Crank spider power meters
Spider-based power meters rose to prominence in the late 1980s with SRM who pioneered the concept. Available in various shapes and sizes these power meters are compatible with most bottom bracket and chainring BCD patterns and can be purchased individually as a spider or complete chainset. Leading products here come from brands such as SRM, Quarq and Power2Max, each of which offers varying price points, weights and power-measuring functionality.
The compatibility here can be somewhat daunting, but manufacturers simplify things by offering spider-based power meters based upon the make-model of the crank you're using. The only thing to then consider is chainring BCD; you'll generally have 4- or 5- bolt configuration, and the bolt-circle-diameter will generally be written on your current chainrings.
Accurate and affordable for multiple bike owners
Favero’s Assioma power pedals are lighter, cheaper and more accurate than PowerTap and Garmin’s offerings, making them our number one choice.
It's a tidy-looking package - all the sensors and strain gauges are located in a housing next to the pedal body, which measures directly at each axle. The Assiomas look like an ordinary pedal, and it keeps the electronics from getting damaged by falls or impacts, so it's easier to maintain down the line. They're also IP67 certified.
Unlike other power meters that harvest data based on the angular velocity of the crank arm through each rotation, the Assioma uses an instantaneous angular velocity (IAV) measuring technique thanks to an on-board gyroscopic sensor. According to Favero, the IAV way of harvesting data is class-leading, with accuracy to a maximum deviation of only one percent.
Aesthetically, and mechanically, one of the best units on the market
Quarq’s latest spider-based masterpiece, the DZero, can be ordered as an individual spider or as a complete crankset in either aluminium or carbon. Not only are the strain gauges located within the spider but it also benefits from a built-in accelerometer to simplify function and boost accuracy — with a variance of only 1.5 percent.
The DZero power meter is compatible with all bottom bracket types and BCD configurations and there’s even a version for Shimano-specific chainrings called DFour. The DZero’s biggest selling point is its ability to measure power from both the left and right leg which helps improve pedal efficiency and power balance.

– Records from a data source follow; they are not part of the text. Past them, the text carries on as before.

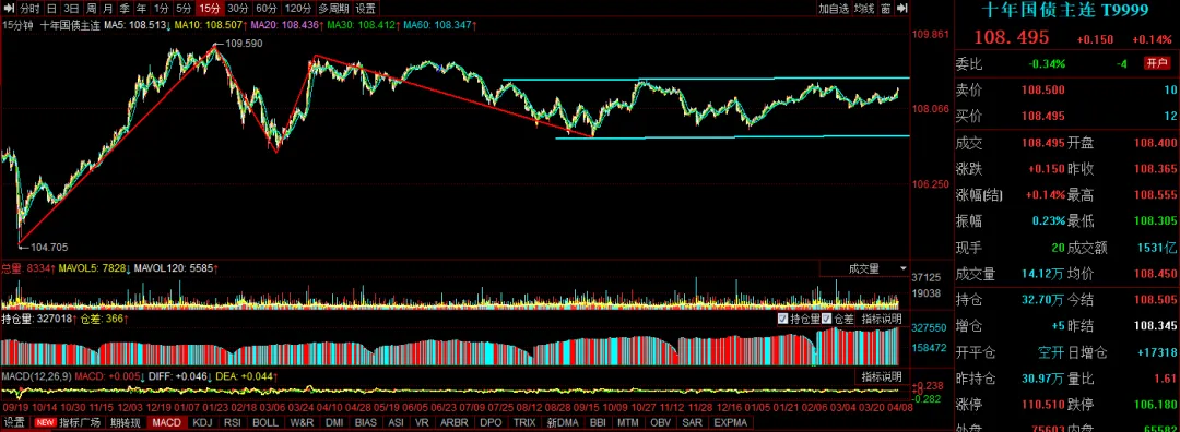 上图是十年期国债期货的15分钟K线走势图,目前15分钟是下跌一笔。1分钟上涨笔,目前股债的策略应该是债横盘,股票市场趋势向上。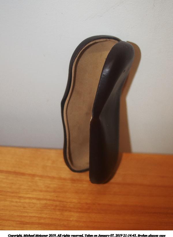The picture of the glasses case is the hard case I keep my glasses in. The case itself is destroyed, but the glasses inside came through ok. The prescription sunglasses that I was wearing had the left lens pop out, and it looks like it might be easy to put it back in (but even if the glasses are broken, they can be replaced).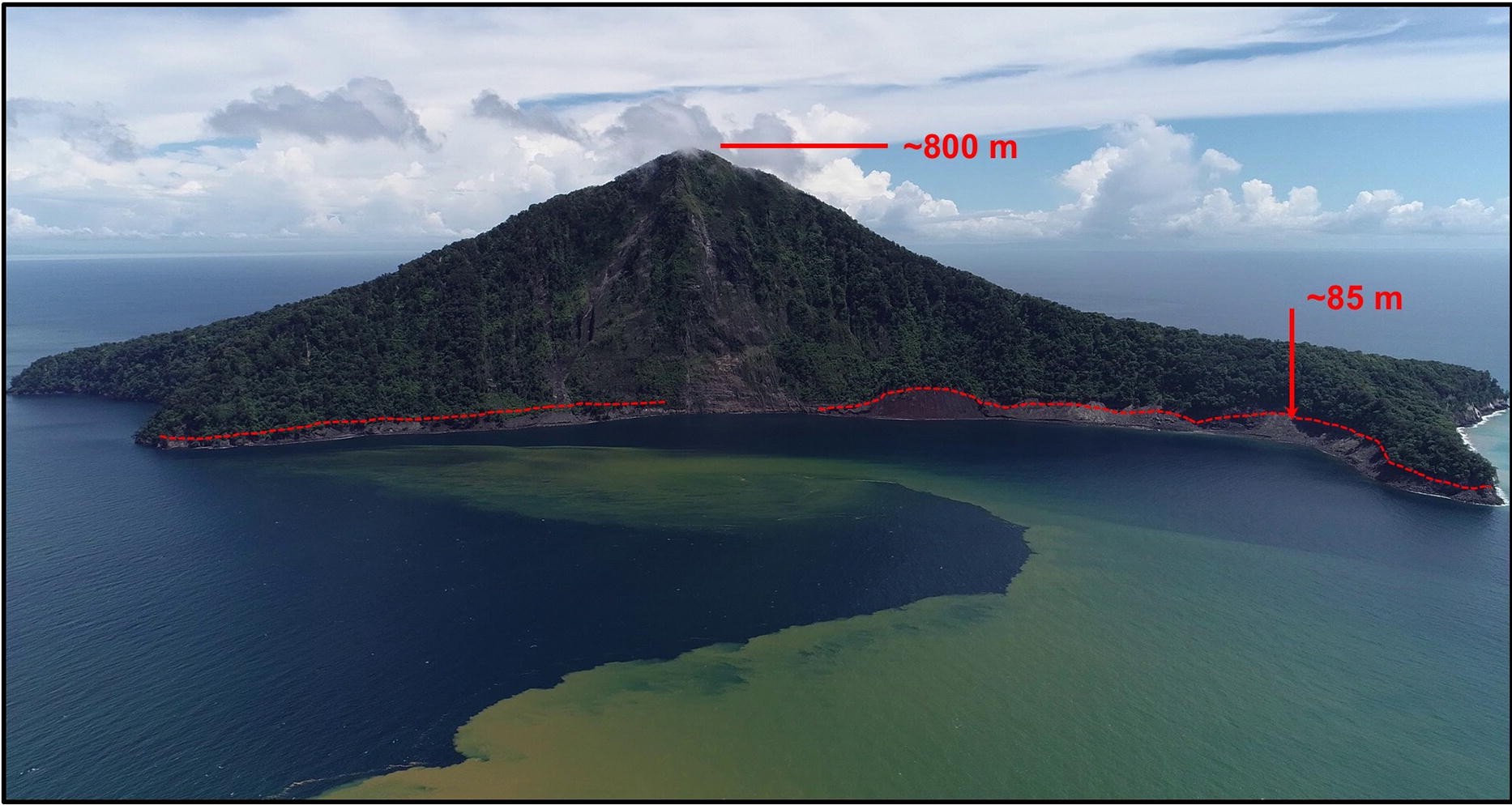 Rakata Island. The tsunami trim line is shown in dashed red and the

The budget friendly winner
Weighing in at a scant 9g more than the crank it'll replace, the 4iiii Precision power meter represents the pinnacle of lightweight options on the market. Available as a crank-based left-side-only, or dual-sided unit the company claims it is 99 percent accurate.
The product portfolio comprises just three off-the-shelf options in the form of Shimano Dura-Ace, Ultegra and 105, but you can send your own crank directly to 4iiii Innovations to have a power pod retrofitted, something the company calls a ‘Factory Install’. Prospective buyers should be aware of compatibility issues pertaining to crank clearance at the chain-stays; 4iiii Innovations recommends checking this before ordering.
Compatible with most cycling computers
Now in its third generation, the Garmin Vector 3S pedals have ironed out all of the idiosyncrasies of its forebears and packaged them into a near-faultless, sleek-looking product.
At 316g a pair, they’re not the lightest pedals around but the convenience they offer as a portable training tool more than makes up for the added heft. Pairing them to a Garmin Edge via ANT+ or Bluetooth is simple — in fact, they’re compatible with most cycling computers.